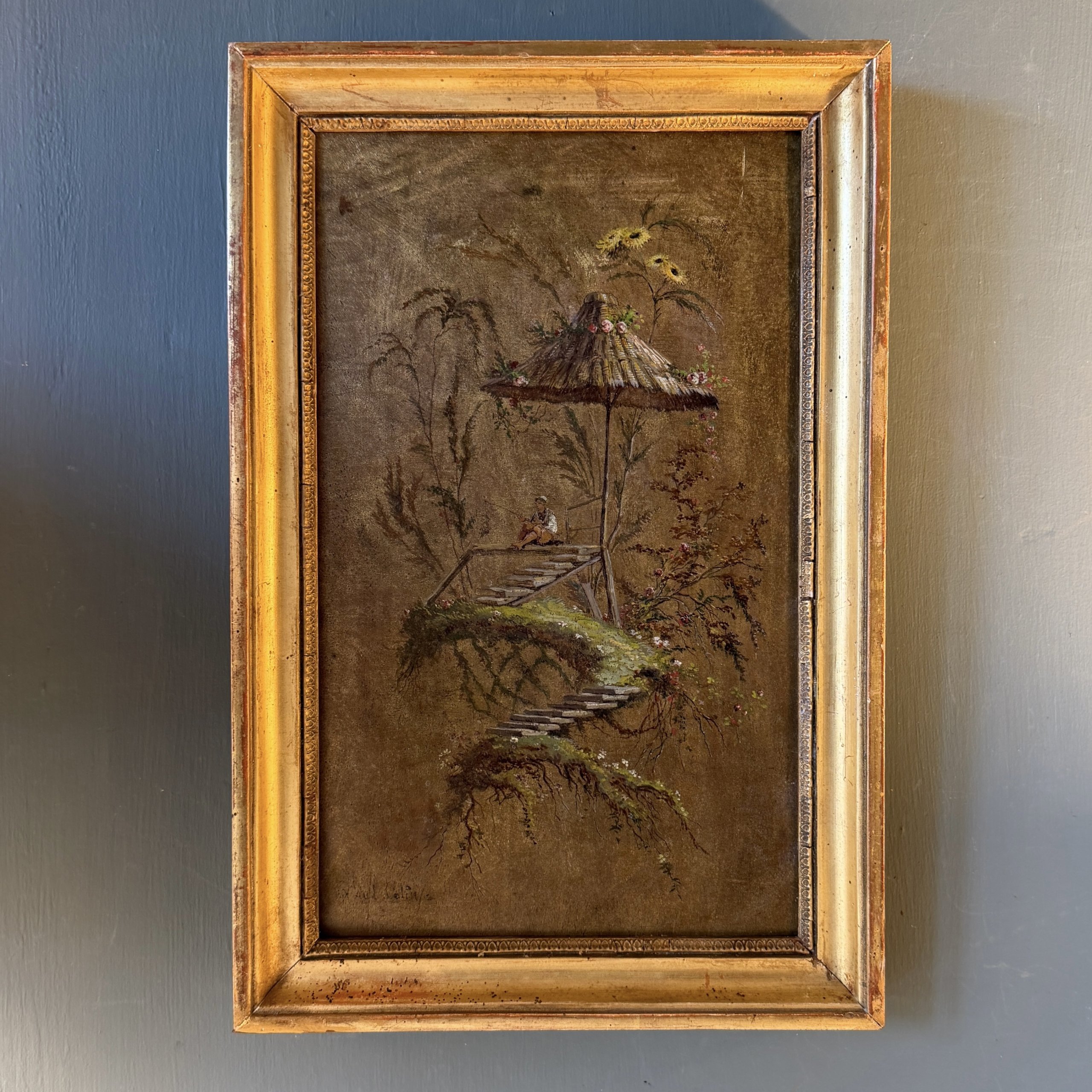 Chinoiserie : le pêcheur, Huile sur panneau XIXème
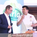 Chef Gino Gonzalez, joined by Arla Foods’ Jens Christian Krogh Nielsen, as he conducted a cooking demonstration on how to prepare ‘Arla Cheesy Spread Pandenini’
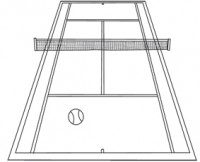 Disegno di un campo da tennis Un campo da tennis da stampare e colorare per imparare posizioni e regole del gioco del tennis. Cliccare sul disegno per stamparlo:
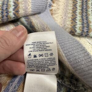 Wrap yourself in luxury with this Lands’ End 100% cashmere cardigan in a soft blue and beige Fair Isle pattern. This cozy knit features a classic button-front design and timeless winter styling. Made from ultra-soft cashmere, it’s perfect for layering during chilly seasons or adding a touch of elegance to your everyday wardrobe.
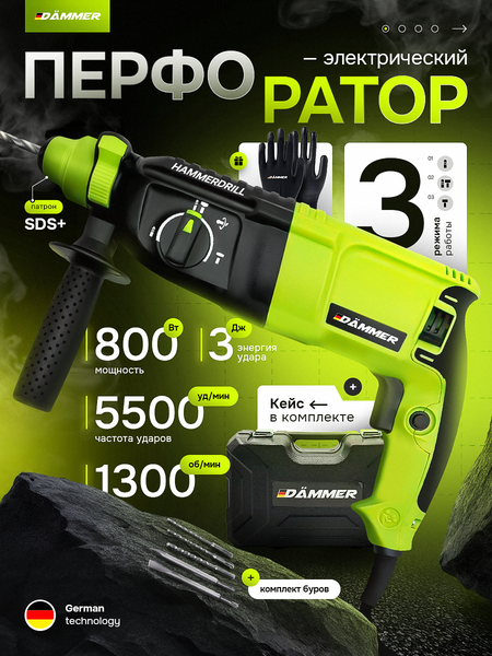 Перфоратор электрический DAMMER мощностью 800 Вт – это мощный и надежный инструмент, созданный для профессионалов и домашних мастеров, которые ценят высокую производительность и качество. Этот перфоратор электрический ударный справляется с широким спектром задач: от сверления отверстий в бетоне до долбления твердых поверхностей, обеспечивая эффективность и комфорт в работе. Скорость холостого хода достигает 1300 об/мин, а частота ударов – до 5500 уд/мин с силой 3 Дж, что позволяет легко работать с бетоном, кирпичом и другими материалами. Перфоратор оснащен тремя режимами: сверление, сверление с ударом и долбление, что делает его универсальным для любых поверхностей. Максимальный диаметр сверления составляет 26 мм для бетона, 30 мм для дерева и 13 мм для металла. Система крепления SDS+ обеспечивает быструю замену оснастки, а защита IP20 предотвращает попадание пыли внутрь корпуса, увеличивая долговечность инструмента. Перфоратор электрический DAMMER оснащен поворотной рукояткой на 360 градусов, системой защиты от перегрузок и перегрева, а также функцией реверса для удобного извлечения буров. Эргономичный дизайн с прорезиненной рукояткой и оптимальным весом гарантирует удобство и точность в работе. Прочный корпус устойчив к ударам, что делает этот перфоратор электрический ударный надежным даже в сложных условиях. В комплект входят: перфоратор, кейс для хранения, буры SDS+ (6 мм, 8 мм, 10 мм), лопатка, пика, ограничитель глубины сверления, фирменные перчатки DAMMER и инструкция на русском языке. Перфоратор DAMMER идеально подходит для строителей, электриков, сантехников и домашних мастеров, выполняющих монтаж, сверление или демонтаж. Этот перфоратор электрический сочетает мощность, надежность и богатую комплектацию, что делает его отличным выбором для любых задач. Закажите перфоратор электрический ударный DAMMER и оцените его преимущества на практике! Команда DAMMER желает вам отличных результатов!
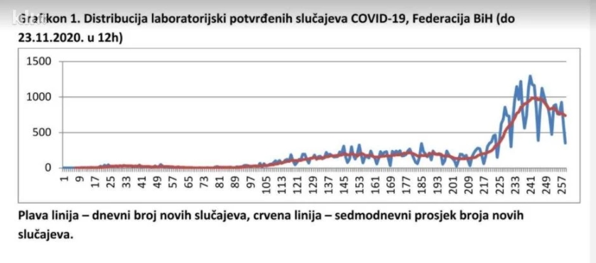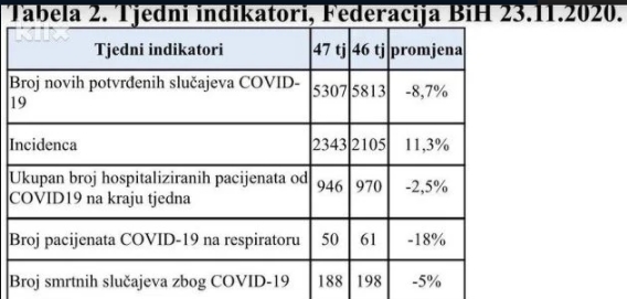 Posljednje naredbe odnosno mjere ograničenja radnog vremena ugostiteljskih objekata do 23:00 sati, preporuka uvođenja rada od kuće ili kliznog radnog vremena, online nastava i uvođenje ograničenog kretanja odnosno policijskog sata od 23 sata do 5 ujutru doveo je do toga da se širenje koronavirusa u FBiH polako smiruje što najbolje pokazuju podaci o broju zaraženih u posljednjih sedam dana. Odmah treba istaći da je epidemiološka slika daleko od poželjne, ali čini se da ide u dobrom pravcu.
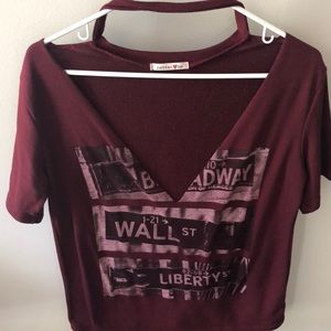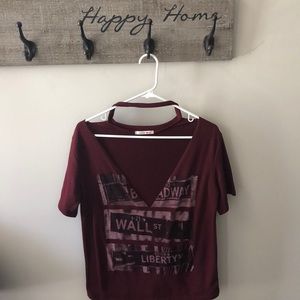 Maroon shirt with a lowcut v-line. this shirt also has a connect piece by the neckline
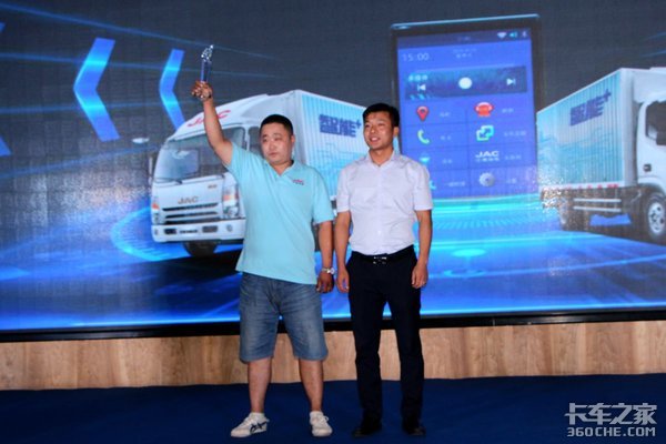 来自天津的卡车司机吴师傅接过了“特约测试员”的奖杯。吴师傅开车6年多,在朋友的介绍下接触到江淮轻卡,从此就成为一名妥妥的江淮“铁粉”。

- - -

(What to produce): All of the data above must be printed exactly, minus its pictures.

(Response to this task):
 Chinoiserie : le pêcheur, Huile sur panneau XIXème
 Chef Gino Gonzalez, joined by Arla Foods’ Jens Christian Krogh Nielsen, as he conducted a cooking demonstration on how to prepare ‘Arla Cheesy Spread Pandenini’
 Disegno di un campo da tennis Un campo da tennis da stampare e colorare per imparare posizioni e regole del gioco del tennis. Cliccare sul disegno per stamparlo:
 Wrap yourself in luxury with this Lands’ End 100% cashmere cardigan in a soft blue and beige Fair Isle pattern. This cozy knit features a classic button-front design and timeless winter styling. Made from ultra-soft cashmere, it’s perfect for layering during chilly seasons or adding a touch of elegance to your everyday wardrobe.
 Перфоратор электрический DAMMER мощностью 800 Вт – это мощный и надежный инструмент, созданный для профессионалов и домашних мастеров, которые ценят высокую производительность и качество. Этот перфоратор электрический ударный справляется с широким спектром задач: от сверления отверстий в бетоне до долбления твердых поверхностей, обеспечивая эффективность и комфорт в работе. Скорость холостого хода достигает 1300 об/мин, а частота ударов – до 5500 уд/мин с силой 3 Дж, что позволяет легко работать с бетоном, кирпичом и другими материалами. Перфоратор оснащен тремя режимами: сверление, сверление с ударом и долбление, что делает его универсальным для любых поверхностей. Максимальный диаметр сверления составляет 26 мм для бетона, 30 мм для дерева и 13 мм для металла. Система крепления SDS+ обеспечивает быструю замену оснастки, а защита IP20 предотвращает попадание пыли внутрь корпуса, увеличивая долговечность инструмента. Перфоратор электрический DAMMER оснащен поворотной рукояткой на 360 градусов, системой защиты от перегрузок и перегрева, а также функцией реверса для удобного извлечения буров. Эргономичный дизайн с прорезиненной рукояткой и оптимальным весом гарантирует удобство и точность в работе. Прочный корпус устойчив к ударам, что делает этот перфоратор электрический ударный надежным даже в сложных условиях. В комплект входят: перфоратор, кейс для хранения, буры SDS+ (6 мм, 8 мм, 10 мм), лопатка, пика, ограничитель глубины сверления, фирменные перчатки DAMMER и инструкция на русском языке. Перфоратор DAMMER идеально подходит для строителей, электриков, сантехников и домашних мастеров, выполняющих монтаж, сверление или демонтаж. Этот перфоратор электрический сочетает мощность, надежность и богатую комплектацию, что делает его отличным выбором для любых задач. Закажите перфоратор электрический ударный DAMMER и оцените его преимущества на практике! Команда DAMMER желает вам отличных результатов!
 Posljednje naredbe odnosno mjere ograničenja radnog vremena ugostiteljskih objekata do 23:00 sati, preporuka uvođenja rada od kuće ili kliznog radnog vremena, online nastava i uvođenje ograničenog kretanja odnosno policijskog sata od 23 sata do 5 ujutru doveo je do toga da se širenje koronavirusa u FBiH polako smiruje što najbolje pokazuju podaci o broju zaraženih u posljednjih sedam dana. Odmah treba istaći da je epidemiološka slika daleko od poželjne, ali čini se da ide u dobrom pravcu.
 Maroon shirt with a lowcut v-line. this shirt also has a connect piece by the neckline
 来自天津的卡车司机吴师傅接过了“特约测试员”的奖杯。吴师傅开车6年多,在朋友的介绍下接触到江淮轻卡,从此就成为一名妥妥的江淮“铁粉”。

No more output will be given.